Retype the listing below line for line, but only from the line with "juriști și economiști." down to the line with "Custom on-field style", inclusive. Pictures stay out.

RECORDS TO USE:
============================================================
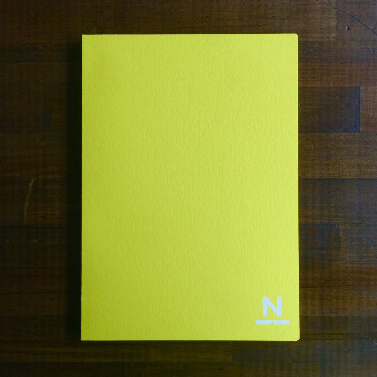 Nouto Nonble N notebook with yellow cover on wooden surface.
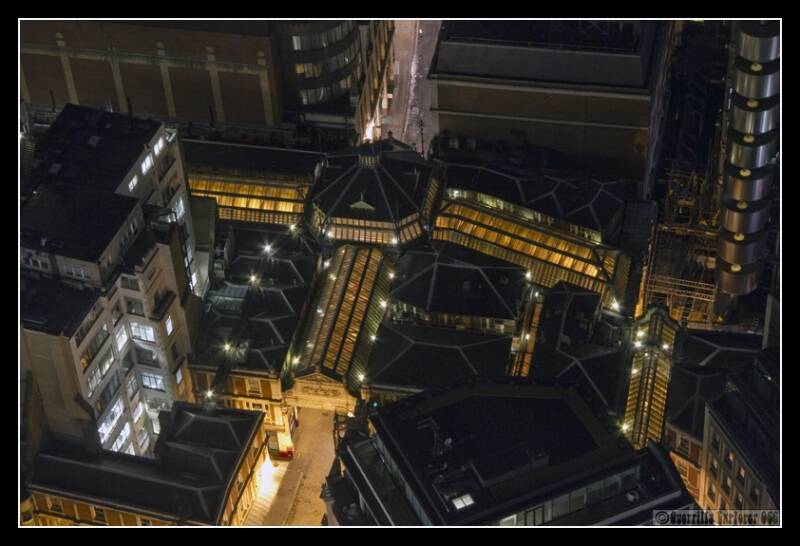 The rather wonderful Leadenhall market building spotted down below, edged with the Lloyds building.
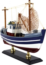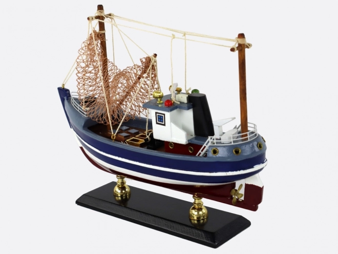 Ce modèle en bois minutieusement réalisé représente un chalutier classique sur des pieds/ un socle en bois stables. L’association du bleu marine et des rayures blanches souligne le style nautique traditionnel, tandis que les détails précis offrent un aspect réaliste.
============================================================
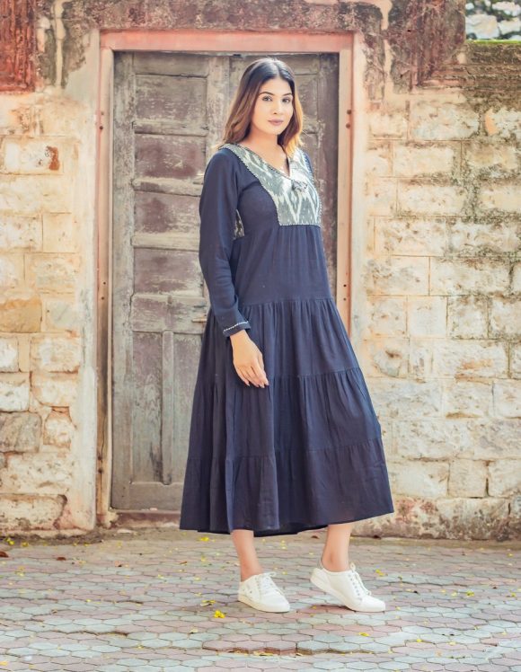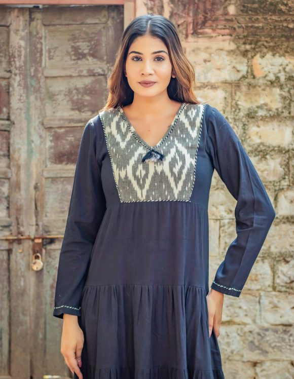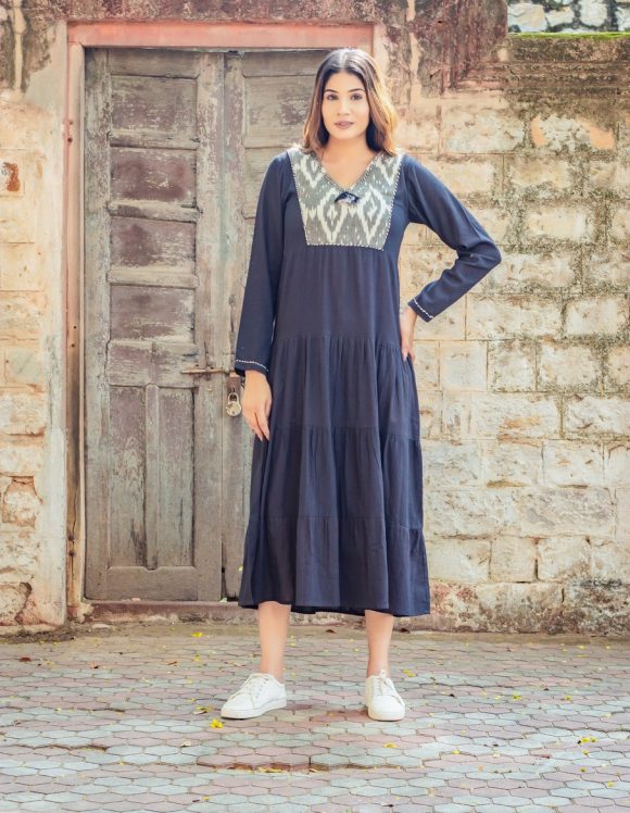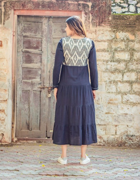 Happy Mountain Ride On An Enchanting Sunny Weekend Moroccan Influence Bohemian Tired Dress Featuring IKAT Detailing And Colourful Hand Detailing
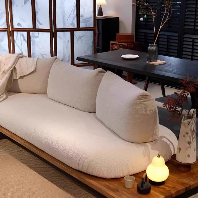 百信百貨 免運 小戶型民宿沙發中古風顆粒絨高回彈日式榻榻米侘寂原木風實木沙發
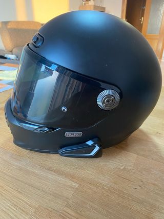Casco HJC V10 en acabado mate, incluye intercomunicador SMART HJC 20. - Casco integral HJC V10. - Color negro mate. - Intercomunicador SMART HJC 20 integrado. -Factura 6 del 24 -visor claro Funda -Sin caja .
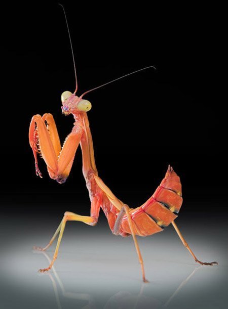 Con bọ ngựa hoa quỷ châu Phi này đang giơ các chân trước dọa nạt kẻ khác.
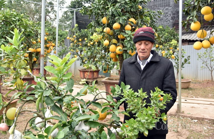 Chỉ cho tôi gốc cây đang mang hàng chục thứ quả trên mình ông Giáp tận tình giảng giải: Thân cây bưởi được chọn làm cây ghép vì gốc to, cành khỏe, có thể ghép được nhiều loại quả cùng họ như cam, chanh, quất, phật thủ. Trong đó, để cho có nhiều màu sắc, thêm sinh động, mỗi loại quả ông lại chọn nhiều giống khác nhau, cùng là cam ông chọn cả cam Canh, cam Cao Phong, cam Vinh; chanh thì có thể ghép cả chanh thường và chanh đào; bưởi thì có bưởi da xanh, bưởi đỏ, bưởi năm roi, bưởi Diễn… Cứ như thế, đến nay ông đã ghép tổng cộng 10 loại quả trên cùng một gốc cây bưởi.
============================================================
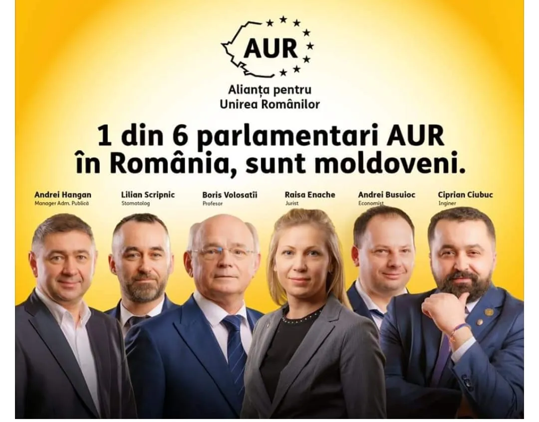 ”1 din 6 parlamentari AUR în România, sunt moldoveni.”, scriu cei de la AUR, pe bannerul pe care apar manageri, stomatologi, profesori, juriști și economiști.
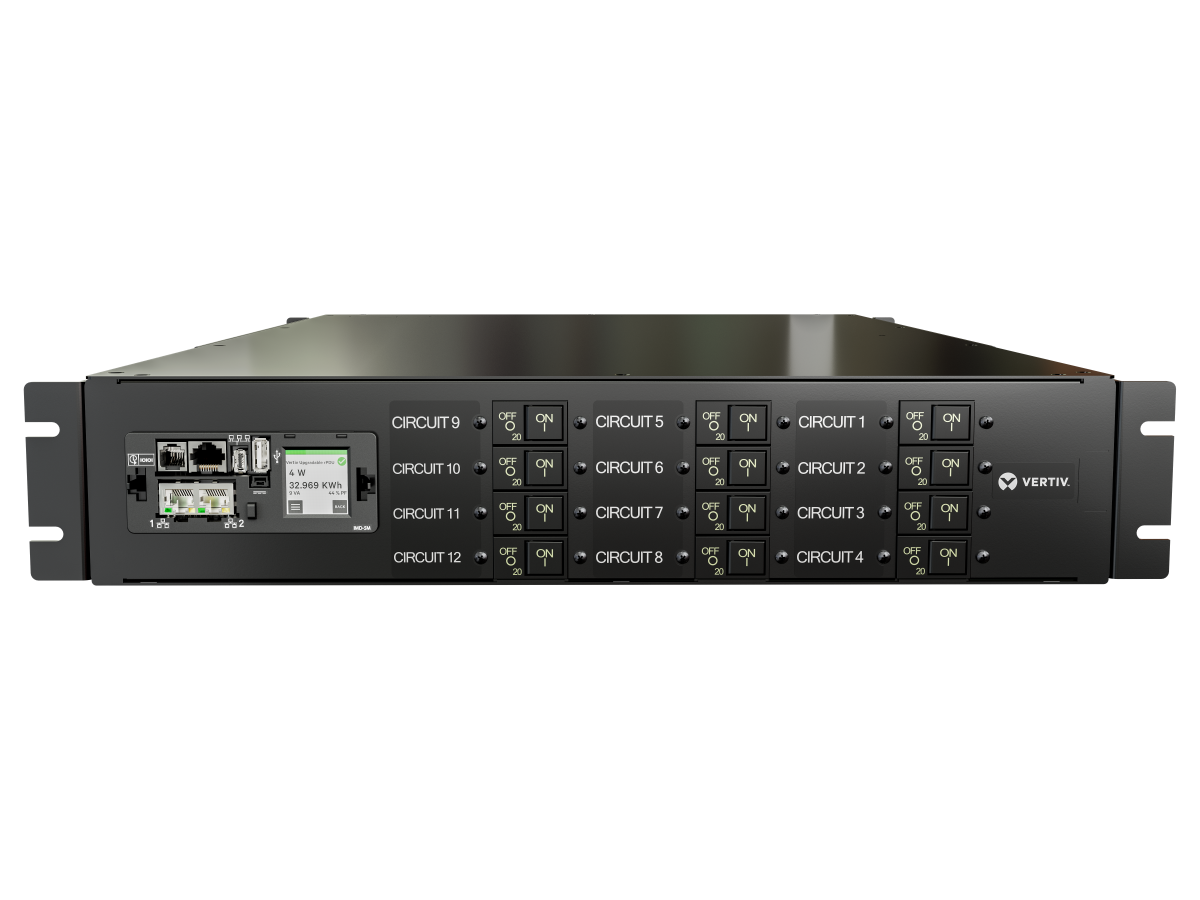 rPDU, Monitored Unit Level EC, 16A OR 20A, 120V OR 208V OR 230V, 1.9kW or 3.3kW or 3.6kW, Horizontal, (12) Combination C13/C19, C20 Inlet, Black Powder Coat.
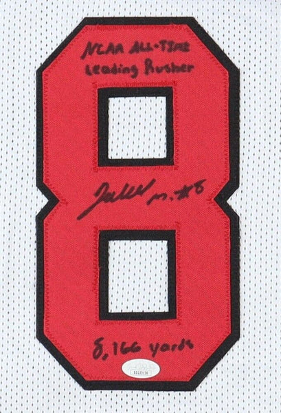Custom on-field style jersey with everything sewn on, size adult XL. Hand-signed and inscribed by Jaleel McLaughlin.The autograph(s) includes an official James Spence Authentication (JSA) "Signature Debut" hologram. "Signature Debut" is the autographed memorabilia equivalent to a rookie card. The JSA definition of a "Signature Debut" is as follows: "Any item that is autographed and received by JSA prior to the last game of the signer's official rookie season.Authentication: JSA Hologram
============================================================
SOLUTION FOR THIS PROBLEM:
 ”1 din 6 parlamentari AUR în România, sunt moldoveni.”, scriu cei de la AUR, pe bannerul pe care apar manageri, stomatologi, profesori, juriști și economiști.
 rPDU, Monitored Unit Level EC, 16A OR 20A, 120V OR 208V OR 230V, 1.9kW or 3.3kW or 3.6kW, Horizontal, (12) Combination C13/C19, C20 Inlet, Black Powder Coat.
Custom on-field style jersey with everything sewn on, size adult XL. Hand-signed and inscribed by Jaleel McLaughlin.The autograph(s) includes an official James Spence Authentication (JSA) "Signature Debut" hologram. "Signature Debut" is the autographed memorabilia equivalent to a rookie card. The JSA definition of a "Signature Debut" is as follows: "Any item that is autographed and received by JSA prior to the last game of the signer's official rookie season.Authentication: JSA Hologram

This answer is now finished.